[Task directions] Transcribe exactly the line with "стоимость не входят)" and each line that follows it in the listing, down to the last, omitting all pictures.

[Information provided]
============

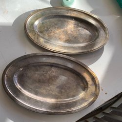 Ett set med silverfärgade fat. Faten har en räfflad kant.
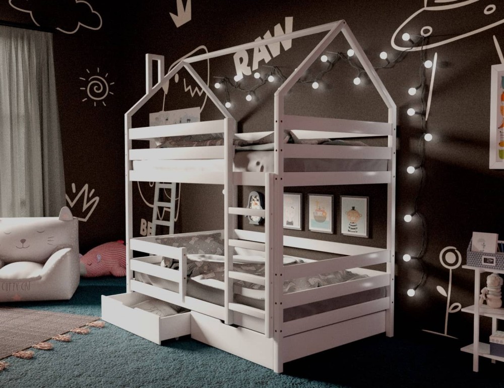 *Стоимость указана за модули: Кровать-домик двухъярусная 80*160 Белый (Ящики в стоимость не входят)
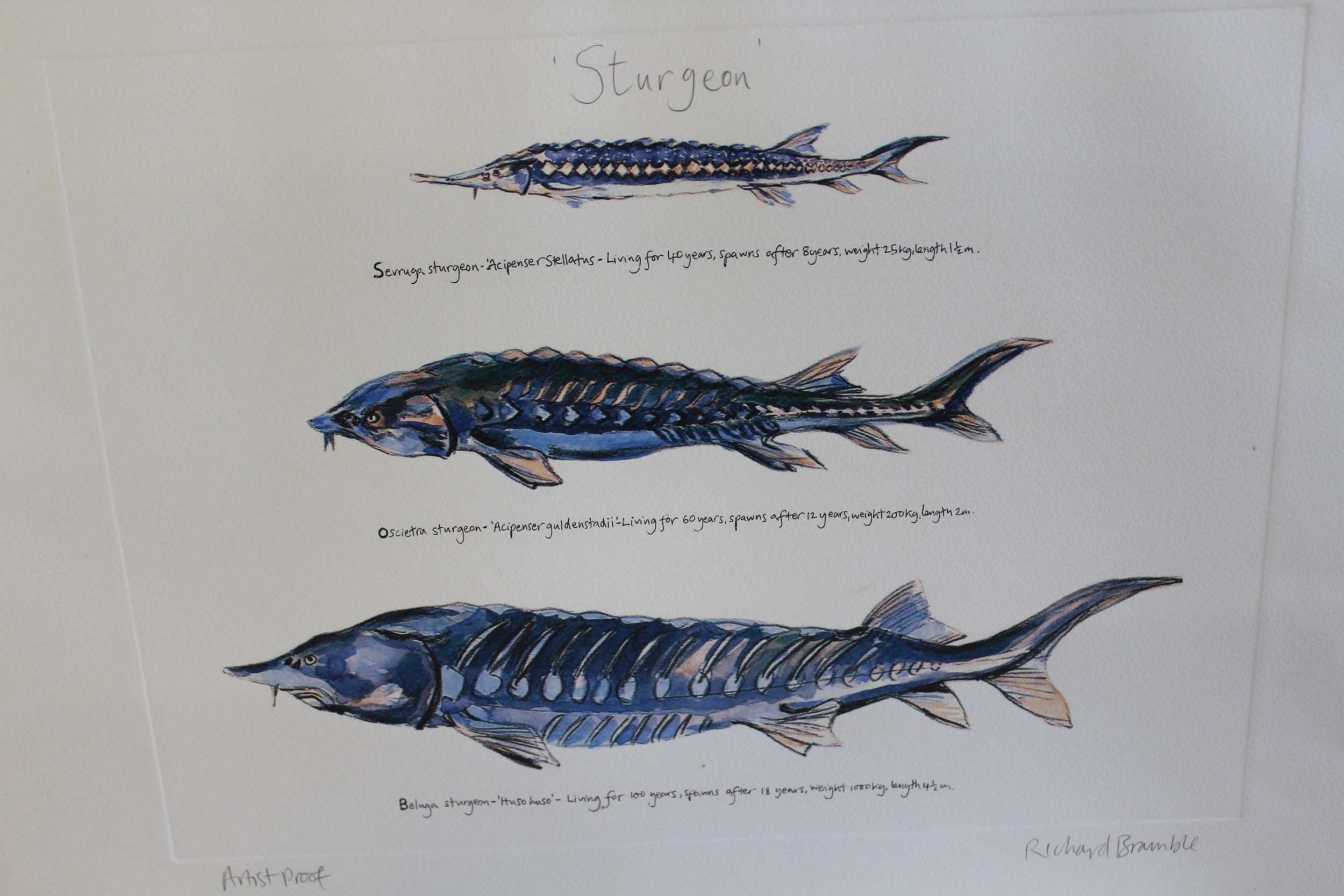 Richard Bramble, artist proof print, ' Sturgeon ', together with a small quantity of other various unframed prints
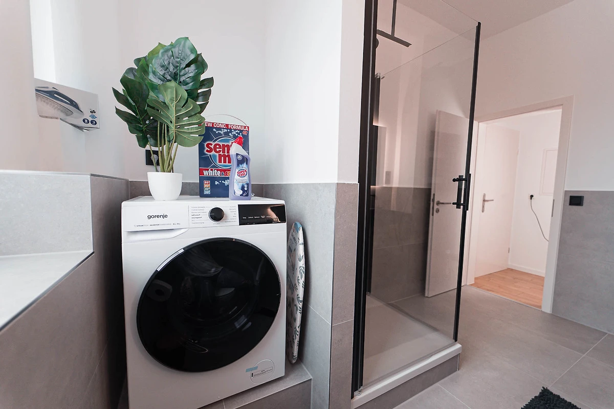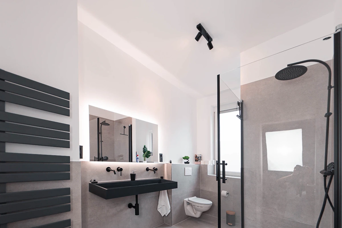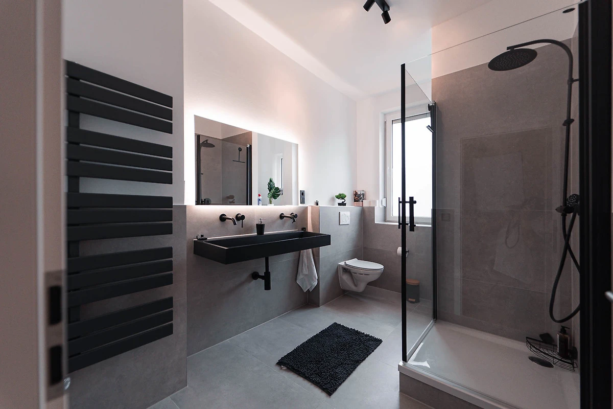 - tageslichtdurchflutetes Badezimmer mit Dusche

============

[Task solution]
 *Стоимость указана за модули: Кровать-домик двухъярусная 80*160 Белый (Ящики в стоимость не входят)
 Richard Bramble, artist proof print, ' Sturgeon ', together with a small quantity of other various unframed prints
 - tageslichtdurchflutetes Badezimmer mit Dusche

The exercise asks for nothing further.